Spring break was drawing to a close.
Tom, Colby, and Noodle waited quietly around the kitchen table for Tom’s mom to return from Manhattan’s Midtown South Precinct, where Mr. Edison had spent the last day and a half, answering questions about how he ended up hanging from the ceiling of Grand Central Terminal.
Just like the three kids had done, he told them everything he knew: how they were in search of Thomas Edison’s secret formula to create gold, how Lieutenant Faber had planted the stolen book in Tom’s room, and how Curt Keller and Nicky Polazzi had been the ones who’d kidnapped Tom and Colby.
The detectives didn’t believe a word about any secret alchemy formula, but since so much of their stories checked out, they had no choice but to order a department-wide investigation on Faber, as well as on Sergeants Gilbert and Mancini, and have a judge issue a restraining order on Curt Keller for the time being.
But the old CEO’s whereabouts were currently unknown.
The sound of keys jiggled in the lock, and Tom’s parents entered the kitchen. His mom set Rose down and headed toward the fridge to make her lunch. She looked tired, Tom noticed. Not that he blamed her. She’d had the scare of her life when Tom went missing and now had to deal with fines, cops, and a delinquent son and husband.
Since it was their second strike with the police, Tom, Noodle, and Colby had been given mandatory community service, and their families each had to pay a five-hundred-dollar fine. Still, they hadn’t been sent to “the big house” as Noodle had feared, and had even received an e-mail of appreciation from the mayor for their help in uncovering an elevator that supposedly led to a private room in the Waldorf-Astoria Hotel next door. What exactly that “secret suite” was, the kids had no idea.
Tom’s dad took a seat at the table. Nobody spoke.
Noodle finally broke the silence in typical Noodle fashion. “So you beat the rap, Mr. E?”
“Decent fine. License suspended,” he answered with a sigh. “All in all, though, I’d say I got off easy.”
Tom’s relieved eyes met his mom’s. She smiled. Or at least it looked like a smile. It was hard to tell with her sometimes.
“Your father explained everything on the way home from the station,” she said. “I’ll just never understand how the two of you get yourselves into these situations.”
“But,” Tom’s dad piped up, “your mom and I have also decided that even though the outcome wasn’t what we’d hoped, the adventure itself had given us something.”
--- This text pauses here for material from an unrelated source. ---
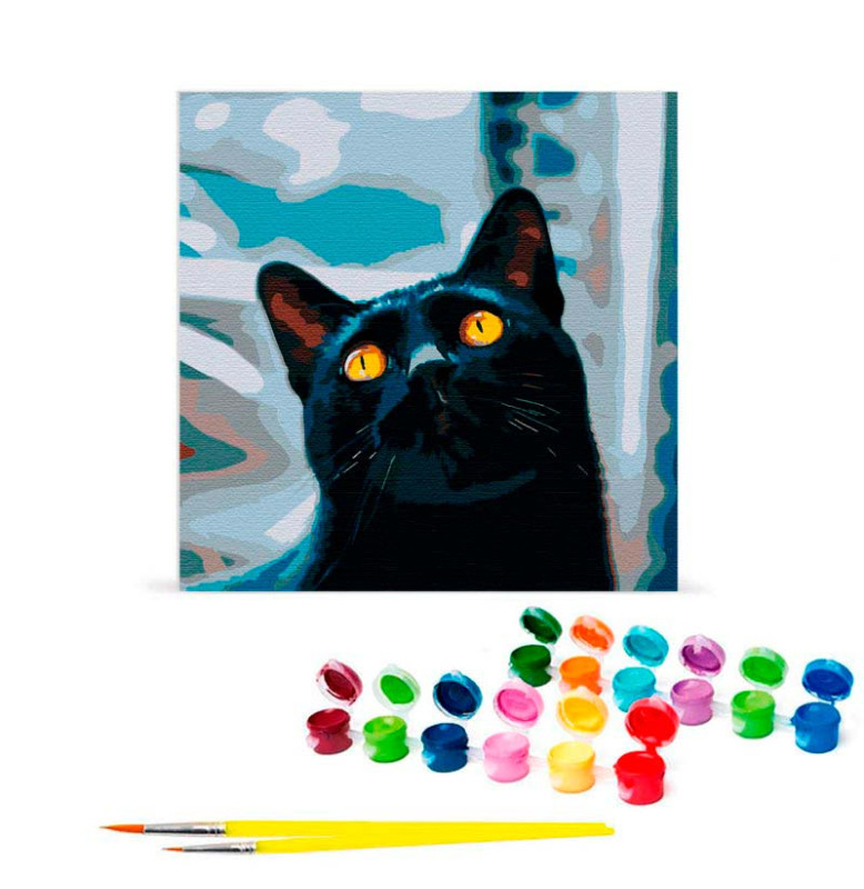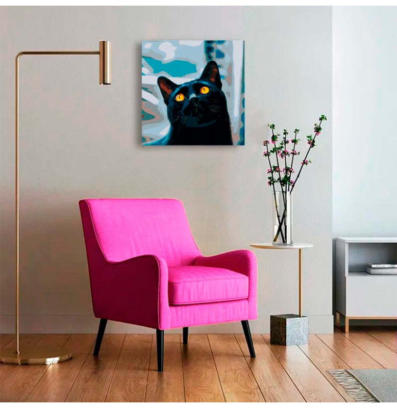 Картина за номерами Котик із жовтими очима Strateg 40х40 см SK022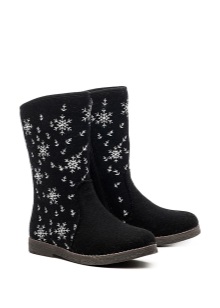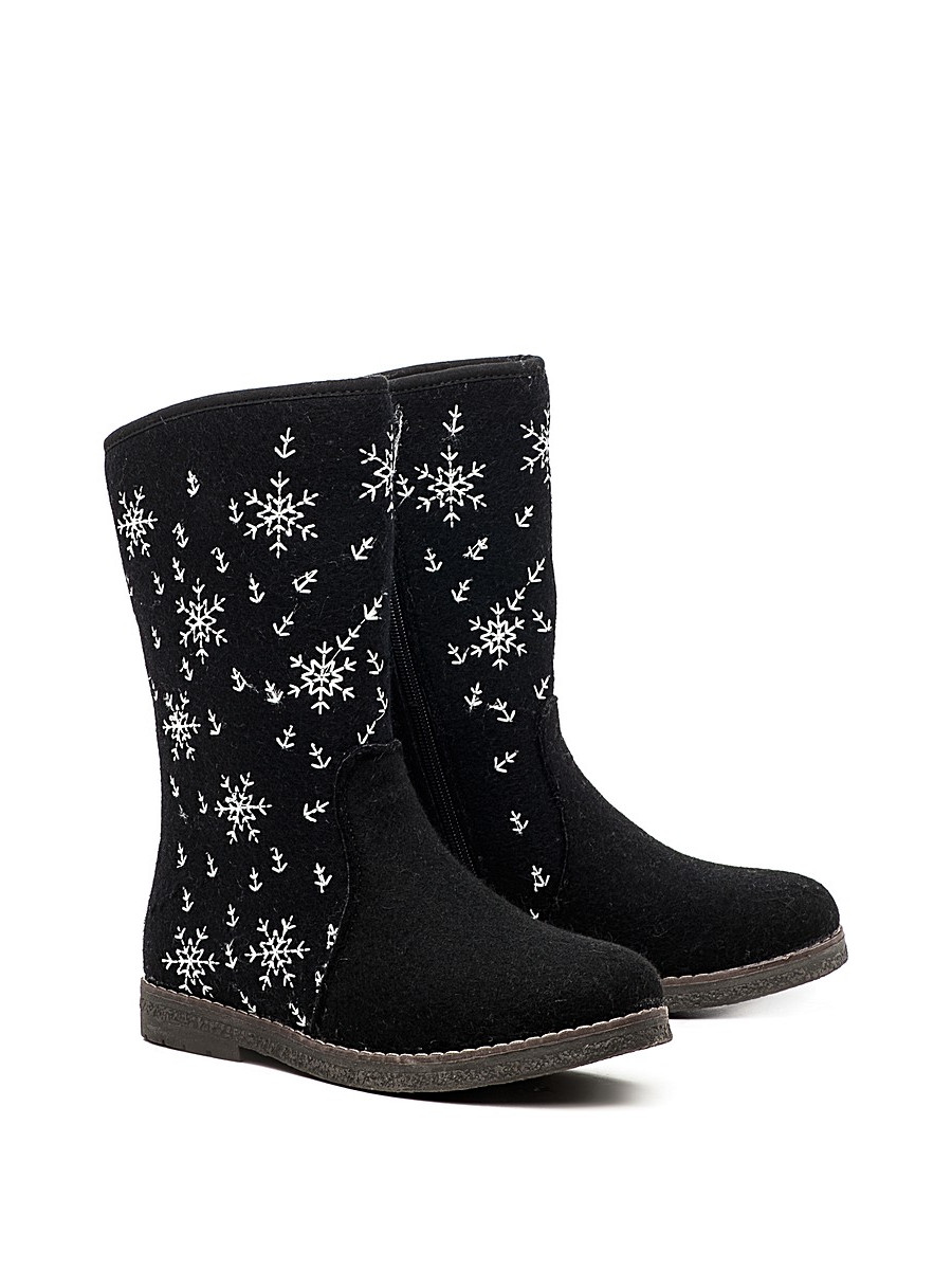 - Felt boots with embroidery. Boots can be bright colors or be similar to black suede shoes with black decor in the form of embroidery. Various trends in the design of such shoes help with the individual selection of felt boots. Today, stylish boots can be decorated with ethnic patterns, bright embroidery or tone-on-tone patterns. A company of such a shoe will be made by jeggings or skinny jeans of any shades. Boots can be worn tight beige tights. And black felt boots on a high wedge will look great with translucent tights.

He reached across the table and placed his hand over his wife’s. “Something this family had been missing for a while, and I think, when we’re in Wichita, that we need to remember how—” He broke off, confused. “Tom, what are you smiling about?”
“You’ve got exactly the look on your face that always worries me,” added his mother. “So spit it out. What do you have to tell us?”
All eyes were on Tom, who grabbed a notepad and started writing, then slid it across the table toward his father.
Here your search will terminate. So pop the cork and celebrate, it read.
“Yeah, yeah, we all know what the baseball bat said,” sighed Colby with a glance toward Tom’s note.
You’re not getting it, he wrote in huge, underlined print, shaking his head no like a mime as he gestured toward the ceiling. Tom was certain there were still a couple of Keller’s listening devices hidden somewhere.
“What’s to get?” whispered his dad.
Tom then reached into his pocket and placed a tiny metal key on the kitchen table. He’d hardly been able to contain his excitement while he’d waited for his father to come home from the station.
This was inside the baseball bat, wrote Tom.
His dad picked up the key, slowly turning it over in his hands to read its message. They could all now see that engraved into its side were the coordinates 41° 2’ 47.42” N, 73° 51’ 50.12” W.
“I can’t believe you held out on us for this long,” said Colby, smacking him on the arm.
“I wanted everyone to be together,” he whispered.
Tom’s mother scooped up the key and turned it over in her palm.
“Mommy, lemme see!” Rose’s round fingers wriggled for it, and Mrs. Edison held it close for her daughter to get a good look.
“Pretty,” Rose pronounced.
Tom’s dad sprang to his feet. He had his Swiss Army knife out and used it to slice open one of the storage boxes that was marked Mise—DESK DRAWERS.
“What are you looking for?” asked Tom’s mom. “I spent all week organizing those boxes.”
“Something we accidentally packed,” he answered.
After a few moments of searching, Mr. Edison pulled out a large map of the United States.
He was determined to figure out where those coordinates led.